Митя бегал по фабрике лисьим бегом и ловко заметал пушистым хвостом смешных слов, веселых шуточек сухую, обидную строгость Мирона с рабочими и служащими. Рабочих он называл друзьями.
— Дружище, это — не так! — говорил он бородатому, солидному десятнику плотников, выхватывал из кармана книжечку в красной коже, карандаш или чертил что-то на доске и спрашивал:
— Видишь? Так? И — так? И вот так? Вышло?

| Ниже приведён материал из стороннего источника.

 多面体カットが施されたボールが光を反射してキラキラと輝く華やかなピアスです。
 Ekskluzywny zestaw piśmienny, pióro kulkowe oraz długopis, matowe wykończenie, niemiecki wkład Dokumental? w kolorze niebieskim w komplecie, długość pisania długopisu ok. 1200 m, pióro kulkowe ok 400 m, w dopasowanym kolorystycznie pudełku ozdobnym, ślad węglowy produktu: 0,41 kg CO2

— Правильно, — соглашался десятник. —
— Нет, милая личность, надо привыкать к новому — выгоднее!
Десятник соглашался:
— Правильно.
Своею бойкою игрою с делом Митя был похож на дядю Алексея, но в нем не заметно было хозяйской жадности, веселым балагурством он весьма напоминал плотника Серафима, это было замечено и отцом; как-то во время ужина, когда Митя размел, рассеял сердитое настроение за столом, отец, ухмыляясь, проворчал:
— Вот тоже, был у нас Утешитель, Серафим… да!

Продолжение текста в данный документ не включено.